The Smithsonian’s Freer Gallery of Art in Washington D.C. is known for it outstanding collection of Asian art. The gallery was founded by Detroit industrialist, Charles Lang Freer (1854-1919). His rail car manufacturing company became the second largest in Detroit, and Lang became very wealthy. With his fortune he amassed the largest private art collection in the country, at that time – with most of the art coming from Asia. Since Freer never married and had no heirs he decided he would donate his collection to the people of the United States, and paid the entire cost of constructing the Freer Gallery in Washington D.C. Upon his death the greatest part of his collection was left to the federal government, and moved from Detroit to the gallery.
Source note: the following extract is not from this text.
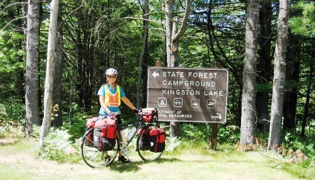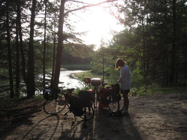 In the late afternoon, we pulled into Kingston Lake, a campground operated by the Michigan Department of Natural Resources with pit toilets, no showers, and water from a hand-pump that left an after-taste in your mouth. Can you believe that Kim is putting up with this crap? But in fact, she actually stated "All I want to do is ride my bike and camp."

Charles Freer’s home, on Ferry Avenue in Detroit, was designed and built to house his extensive collection. Freer contracted Wilson Eyre, Jr. to design his Detroit home after the cottages he admired in New England, and is still Michgan’s finest example of shingle style architecture. Extensive Pewabic works are found throughout the interior. James McNeil Whislter’s famous Peacock Room was installed in the house after being sold to Freer, and is now on permanent display in Washington D.C. The Ferry Avenue house is a major work of art. It is listed on the National Register of Historic Buildings, and is a Detroit monument. Currenlty the house is the home of the Merrill Palmer Skillman Institute.